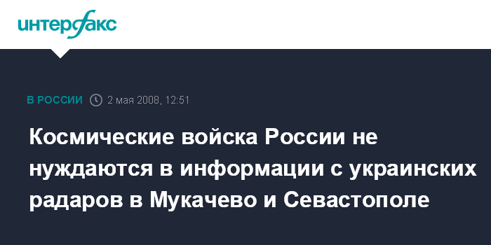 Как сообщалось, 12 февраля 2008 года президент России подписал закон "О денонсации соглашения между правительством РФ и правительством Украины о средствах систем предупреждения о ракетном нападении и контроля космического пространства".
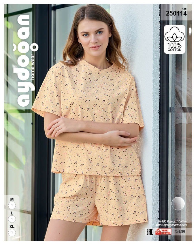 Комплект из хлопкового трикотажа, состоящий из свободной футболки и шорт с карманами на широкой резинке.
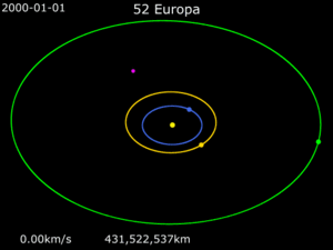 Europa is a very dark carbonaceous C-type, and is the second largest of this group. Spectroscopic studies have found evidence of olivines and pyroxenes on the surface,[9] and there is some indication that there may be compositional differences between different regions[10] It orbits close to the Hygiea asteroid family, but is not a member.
-------------------------
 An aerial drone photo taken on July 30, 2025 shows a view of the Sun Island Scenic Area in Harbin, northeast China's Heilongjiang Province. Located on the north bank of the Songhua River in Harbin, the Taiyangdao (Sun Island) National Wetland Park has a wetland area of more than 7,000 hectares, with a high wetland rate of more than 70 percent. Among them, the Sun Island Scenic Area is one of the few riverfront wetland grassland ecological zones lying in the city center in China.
-------------------------
What you should do: Would you copy out, exactly and with no pictures, only the lines above from the one that contains "Как сообщалось, 12" through the one that contains "Комплект из хлопкового"?

Exercise output:
 Как сообщалось, 12 февраля 2008 года президент России подписал закон "О денонсации соглашения между правительством РФ и правительством Украины о средствах систем предупреждения о ракетном нападении и контроля космического пространства".
 Комплект из хлопкового трикотажа, состоящий из свободной футболки и шорт с карманами на широкой резинке.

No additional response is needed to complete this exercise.